To see why this is necessary, imagine a slightly more complex model than the one we had above, where we have rows in an invoice, and each row has a 'total price' that is calculated by multiplying the number of items purchased by the individual item's selling price:

<xf:instance>
  <invoice xmlns="">
    <item sku="1223">
      <units>2</units>
      <price>6.99</price>
      <total />
    </item>
    <item sku="776">
      <units>5</units>
      <price>12.99</price>
      <total />
    </item>
  </invoice>
</xf:instance>

<xf:bind nodeset="item/total" calculate="../units * ../price" />

Since an XPath expression like "x/y" will select any y element that is a child of an x element, then this simple bind statement causes the XForms processor to create dependencies across all of the total elements; it's as if we had authored the following statements by hand:

<xf:bind nodeset="item[1]/total[1]" calculate="../units * ../price" />
<xf:bind nodeset="item[2]/total[1]" calculate="../units * ../price" />

But there is a big advantage with using the "item/total" technique, which is that if the data is updated in such a way that the number of rows changes, then the processor will automatically create a new set of dependencies. For example, if the user clicks some button to create a new item in the invoice, a new calculation will be automatically added for the new total node, and the effect would be the same as if we had explicitly written the following:

<xf:bind nodeset="item[1]/total[1]" calculate="../units * ../price" />
<xf:bind nodeset="item[2]/total[1]" calculate="../units * ../price" />
<xf:bind nodeset="item[3]/total[1]" calculate="../units * ../price" />

The process responsible for adding this calculation is rebuild.

When do rebuilds happen?

It is only necessary to reconstuct the dependencies when the structure of the instance data in a model changes. This would be when new nodes are added (using insert) or deleted (using delete), or when some instance data is entirely replaced (using submission with @replace="instance" or reset). In all of these situations the rebuild is automatic.

Improving performance

Although rebuild happens automatically, once you know what will trigger it, you can look at ways of reducing its impact on performance.

Since the process of rebuilding applies to an entire model, it is a good idea to avoid putting unrelated instances into the same model, unless there are no bind statements (and so nothing for rebuild to do). For example, if in our invoice we had an additional instance that is used to retrieve and update customer details, it would be a good idea to place this in a separate model. Otherwise, every time the user requests customer information from the server, the dependency engine would parse all of the XPath expressions for the invoice, updating the dependencies.

An example

Let's return to the simpler instance that we saw before:

<xf:instance>
  <instanceData xmlns="">
    <a>10</a>
    <b>10</b>
    <c />
    <d />
  </instanceData>
</xf:instance>

<xf:bind nodeset="c" calculate="../a * ../b" constraint=". &lt;= 100" />
<xf:bind nodeset="d" calculate="../a + ../b" constraint=". &lt;= 20" />

This gives us four calculations in our dependency graph:

Target Type Expression
c[1] calculate a[1] * b[1]
c[1] constraint c[1] <= 100
d[1] calculate a[1] + b[1]
d[1] constraint d[1] <= 20

as well as the following dependencies:

Node Dependents
a[1] c[1], d[1]
b[1] c[1], d[1]
c[1] c[1]'s constraint
d[1] d[1]'s constraint

We've used the '[]' syntax to convey the idea that if our instance data had more nodes--just as we saw in the invoice example, previously--then these XPath expressions would yield more dependencies.
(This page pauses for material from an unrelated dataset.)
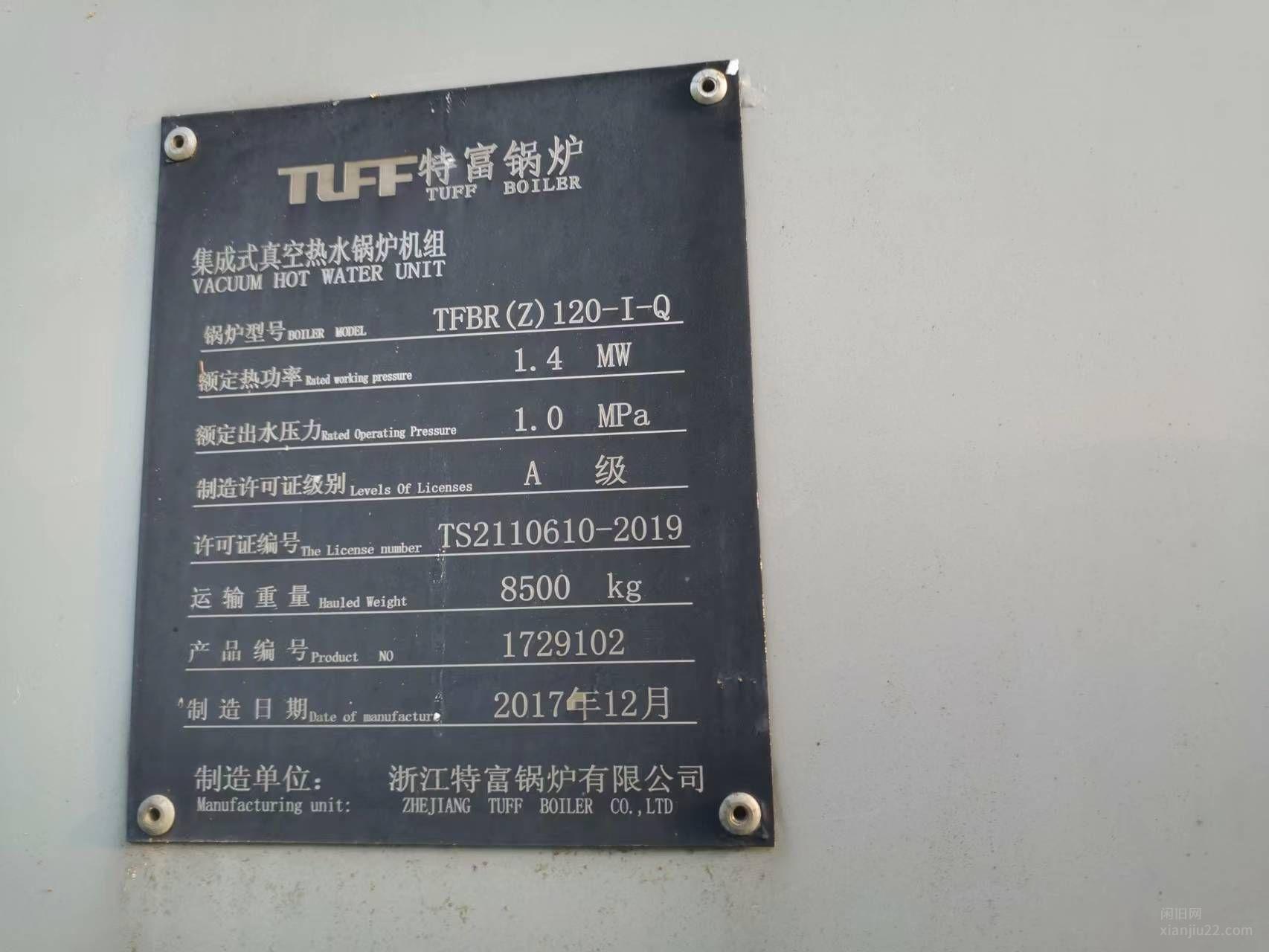 出售2018年2吨集成燃气热水锅炉转让

The meaning of the table is that if any node in the left column changes, the nodes in the dependency list on the right will need recalculating. So if node a changes, then both c and d need to be recalculated; c would be set to a * b and d would be set to a + b. But note further down the table that when c changes, its constraint needs to be recalculated, and similarly, a change in d requires a recalculation of its constraint. A structure like this, where items are linked together, is often called a directed graph.
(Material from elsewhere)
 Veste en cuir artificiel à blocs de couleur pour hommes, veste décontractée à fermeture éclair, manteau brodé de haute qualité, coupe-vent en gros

Master Dependency Directed Graph

We've said that you don't need to understand the dependency-engine in order to use it, so you certainly don't need to understand this next step; but if you are inclined towards the nuts and bolts, you'll no doubt find this feature of the XForms architecture interesting.

The nodes, dependents and calculations that we have in our two tables above, are actually treated as one item, which goes under the name master dependency directed graph. The dependency directed graph part of the name is due as we saw above, to the fact that each node contains a list of references to other nodes that depend on it, and this chain of dependencies takes the form of a directed graph.

The master part of the name is due to the fact that this graph contains all of the relevant information from a model--all of the possible calculations and all dependencies between them--as worked out during the rebuild phase.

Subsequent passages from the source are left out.